Biography
I studied Classics at undergraduate and postgraduate levels at the University of Cambridge. I taught at the University of Warwick for eleven years, including two years as a Humboldt Fellow at the Humboldt University in Berlin. I joined King’s College London in 2015.
Research Interests
My research focuses on the history of the interpretation of classical literature. More specifically, I examine the literary, scholarly and cultural receptions of Greek and Latin literature from the Renaissance to the beginning of the twentieth century. My research specialisms can be grouped under the following headings:
- Classical literature and literary/critical theory
- Modern European literature and classical antiquity
- History of gender and sexuality and the ancient world
- Classics and Postcolonial literature and theory
- Classics and Aesthetics
I have supervised a range of MA and PhD students on classical literature and classical reception studies.
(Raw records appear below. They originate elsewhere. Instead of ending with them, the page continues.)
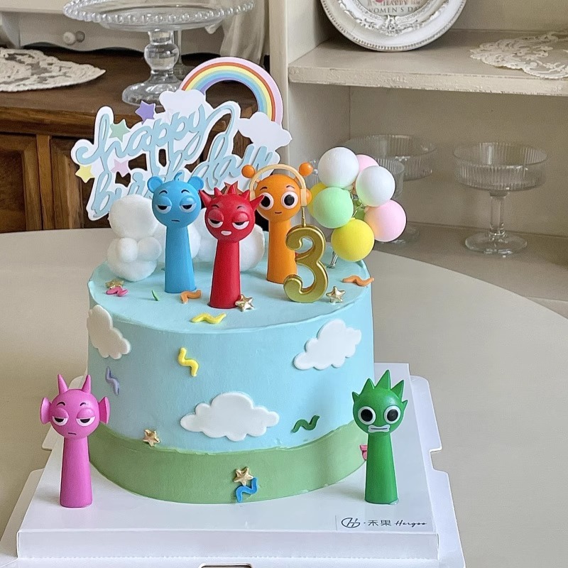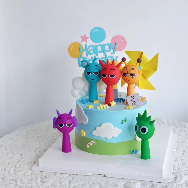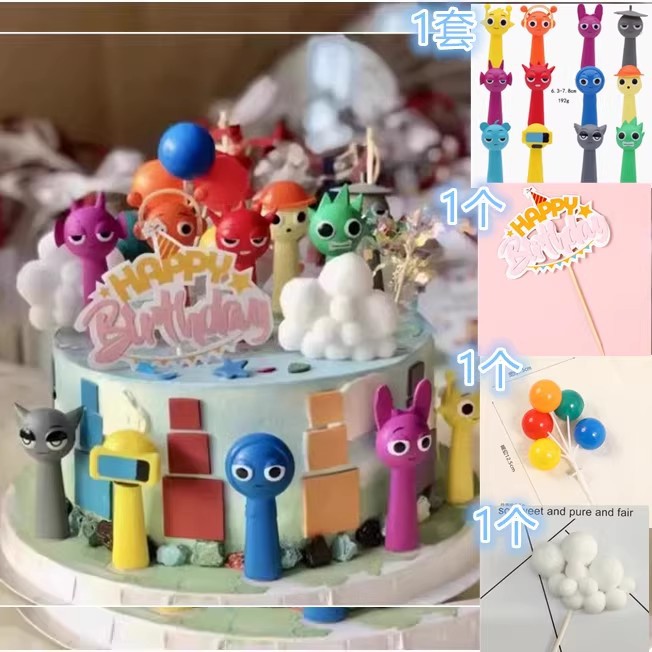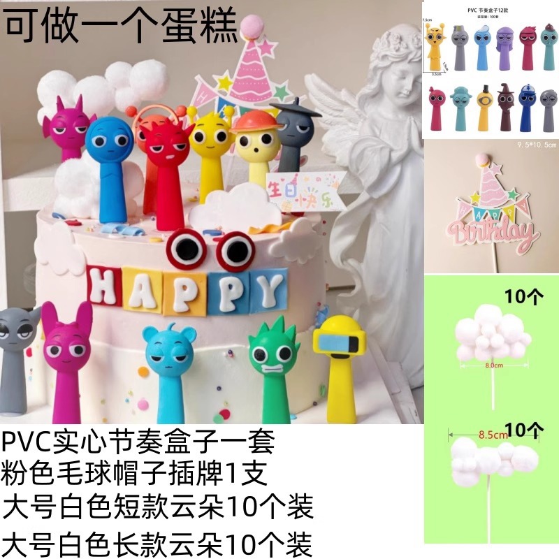 网红蛋糕装饰节奏盒子卡通玩偶摆件男孩女孩儿童生日甜品装扮插件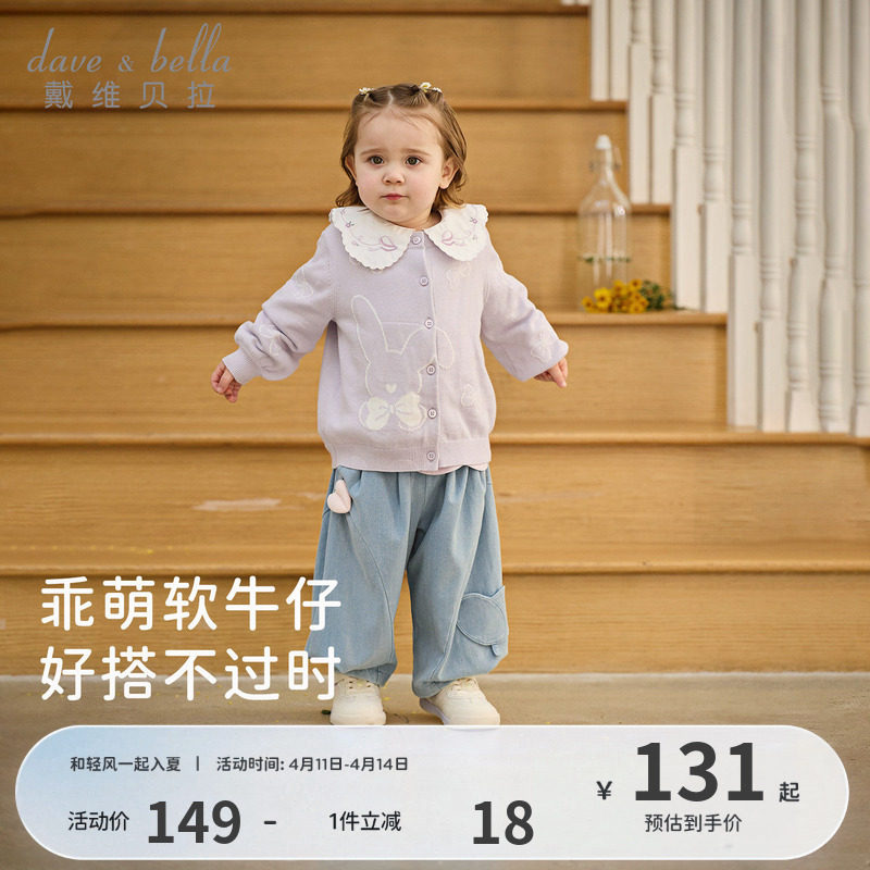 戴维贝拉儿童牛仔裤2026女童新款童装女宝宝裤子春装哈伦裤春季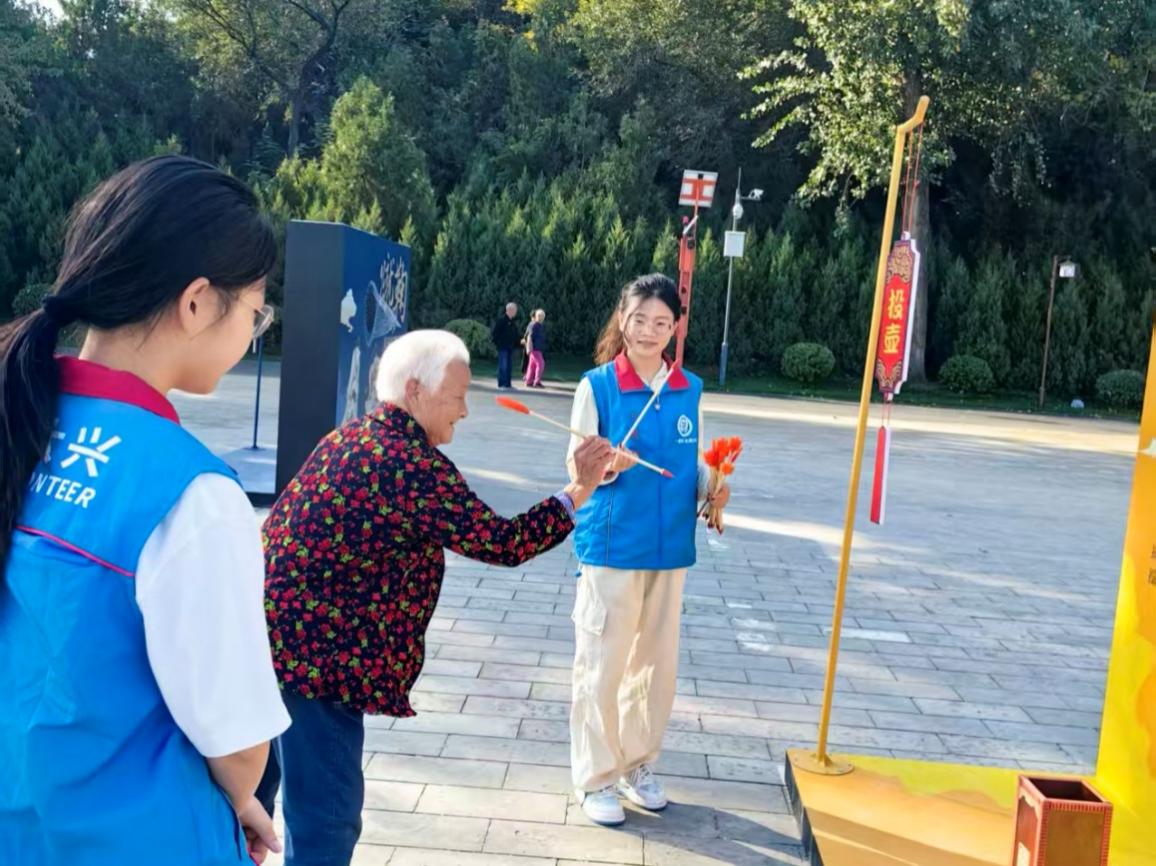 10 月 2 日,国庆中秋双节同庆,我在大兴团河行宫非遗雅集担任志愿者,协助游客体验投壶活动。我耐心给大家讲解规则、示范握矢姿势,能让大家在传统游戏中感受非遗魅力与节日氛围,还收获了游客们的真诚感谢,这份付出格外有意义。这个双节,因志愿与非遗的相遇而格外难忘!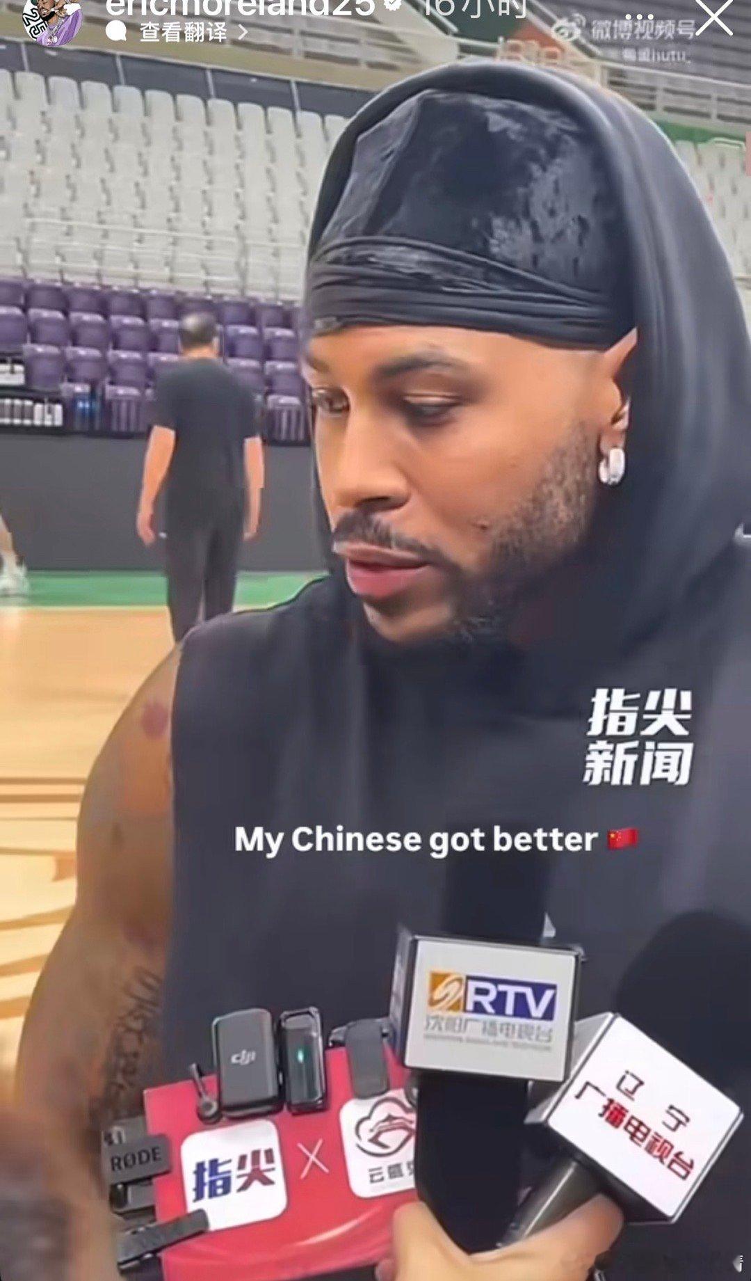 辽宁男篮莫兰德 大莫转发沈阳晚报的采访,说自己中文越来越好了That’s true!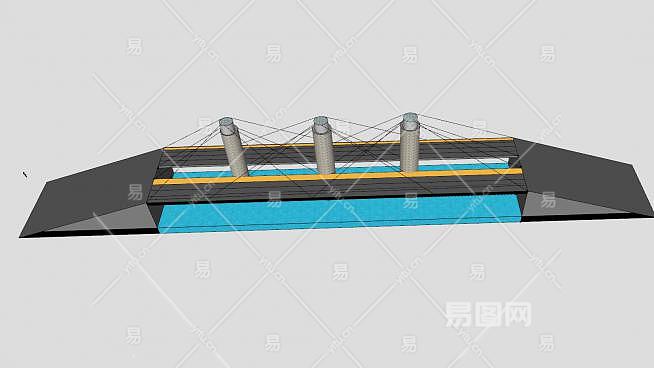 双桥梁公路斜拉桥SU模型下载_sketchup草图大师SKP模型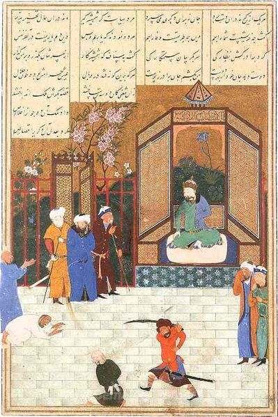 Wir bieten Ihnen eine handgefertigte Reproduktion auf Leinwand des berühmten Kunstwerks 'Enthauptung eines Königs' von Kamal ud-Din Behzad, aus dem Reproduktionsmuseum.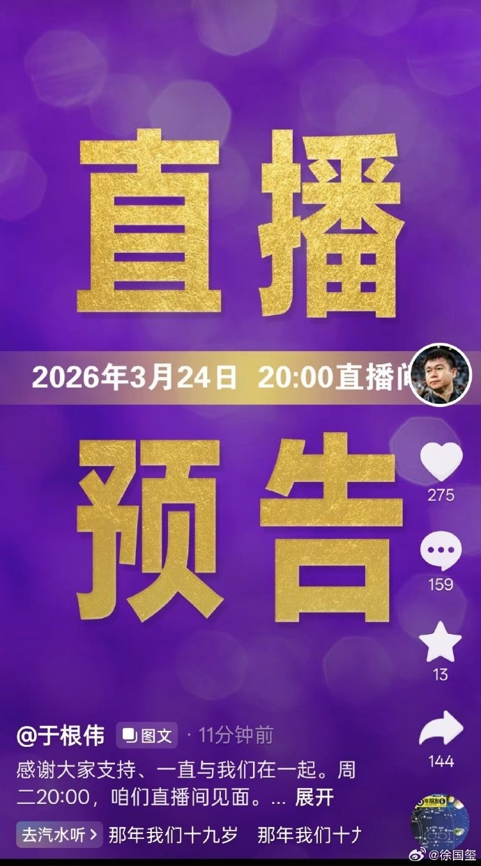 直播吧3月23日訊 津門虎主帥于根偉在個(gè)人社媒透露,明晚20點(diǎn)他將與球迷直播互動(dòng)。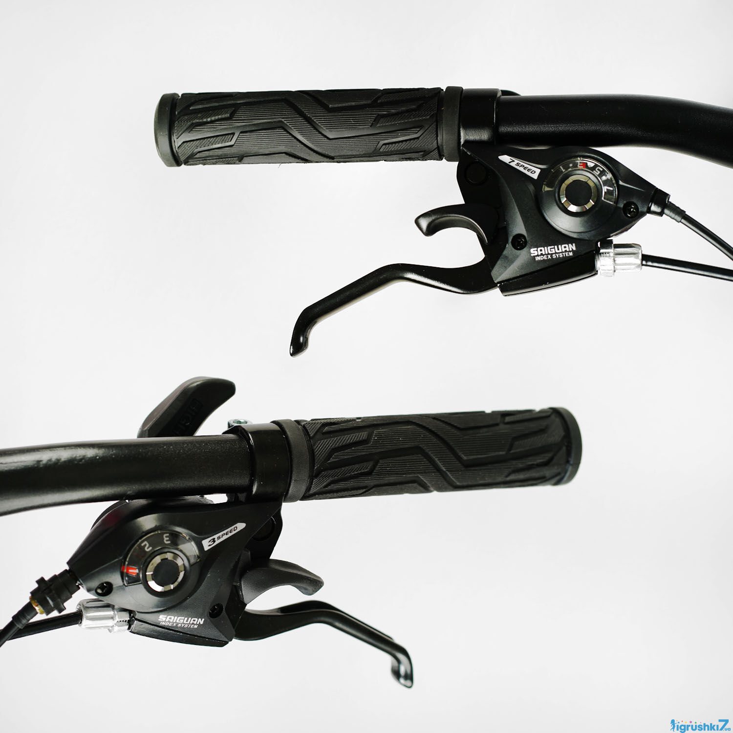 Модель обладнана 21 швидкістю, переднім та заднім перемикачами Saiguan, а також механічними дисковими гальмами 160мм для надійного контролю.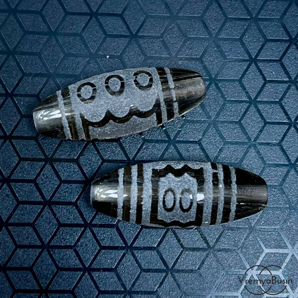 Резная бусина Дзи из раухтопаза "Пять глаз", 30х12 мм (1 шт.)
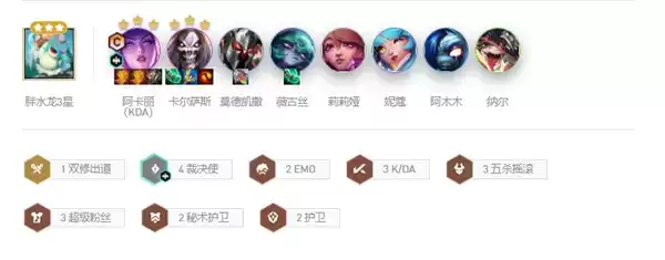 2、组成羁绊:4裁决使、2EMO、3KDA、3五杀摇滚、3超级粉丝、2秘书护卫、2护卫、1双修出道。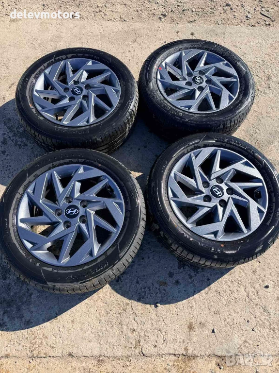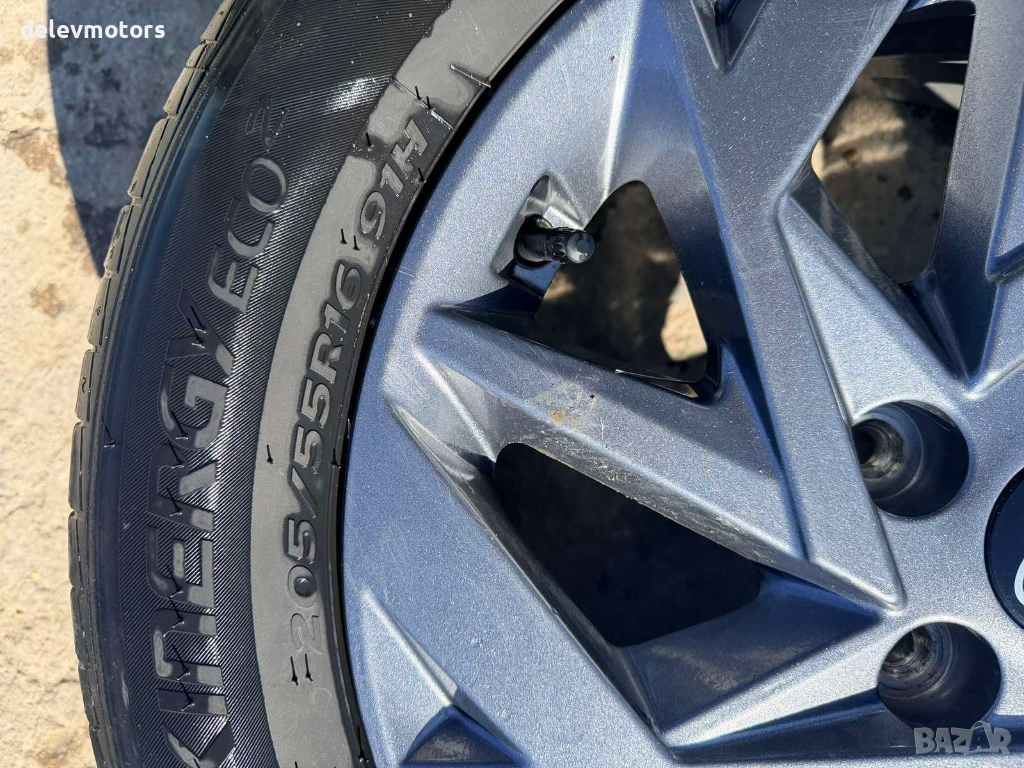Джанти алуминиеви 5x114.3 16 цола 6.5J, ET46 с гуми 205/55/16 от Hyundai Elantra 7, 1.6 MPI двигател G4FM, 123 кс., автоматик, 24000 км., 2024 г., Хюндай Елантра 7, 1.6 МПИ, engine G4FM, Automatic, 2024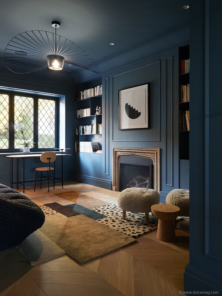 What was once the original entrance hall and staircase now houses a black oak staircase that extends like a ribbon through the heart of the house, bringing all levels of the structure together. With its design details and minimalist metal balusters, the staircase is a graceful example of the architect’s vision of joining the historic and contemporary.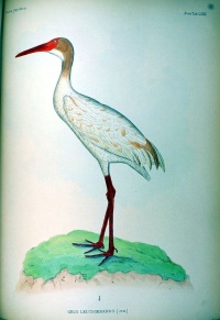 Siberian cranes are majestic birds that have been described as poetry in motion because of their slow and deliberate movements and graceful mating dance. Their vocalizations are said to be flute-like with tones that float down to earth like music from the sky. Siberian cranes are the most far-ranging cranes. They migrate 5,000 kilometers (3,000 miles) between their breeding ground in the Siberian Arctic and their wintering grounds in China and Iran. The journey of teh two populations passes through 11 countries and covers large distances over inhospitable terrain. The birds stop at wetlands along the way and call continuously when they fly.

I would be very happy to hear from potential students interested in Greek literature and literary/critical theory and the reception of Greek and Roman literature and modern intellectual and literary history.
Expertise and public engagement
I have given public lectures at museums and schools.
Selected publications
Antiquity in Print. Visualising Ancient Greece in the Eighteenth Century (Bloomsbury, 2024).
Freud's Antiquity: Object, Idea, Desire, co-edited with Richard Armstrong and Miriam Leonard (Freud Museum, 2023).
Richard Marsh, Popular Fiction and Literary Culture, 1890-1915: Rereading the Fin de Siècle, co-edited with Victoria Margree and Minna Vuohelainen (Manchester University Press, 2018)
The Mudimbe Reader, co-edited with Pierre-Philippe Fraiture (University of Virginia Press, 2016)
Sex: Antiquity and Its Legacy (Oxford University Press USA, 2015)
African Athena: New Agendas, co-edited with Gurminder K. Bhambra and Tessa Roynon (Oxford University Press, 2011)
Classical Culture and Modern Masculinity (Oxford University Press, 2011)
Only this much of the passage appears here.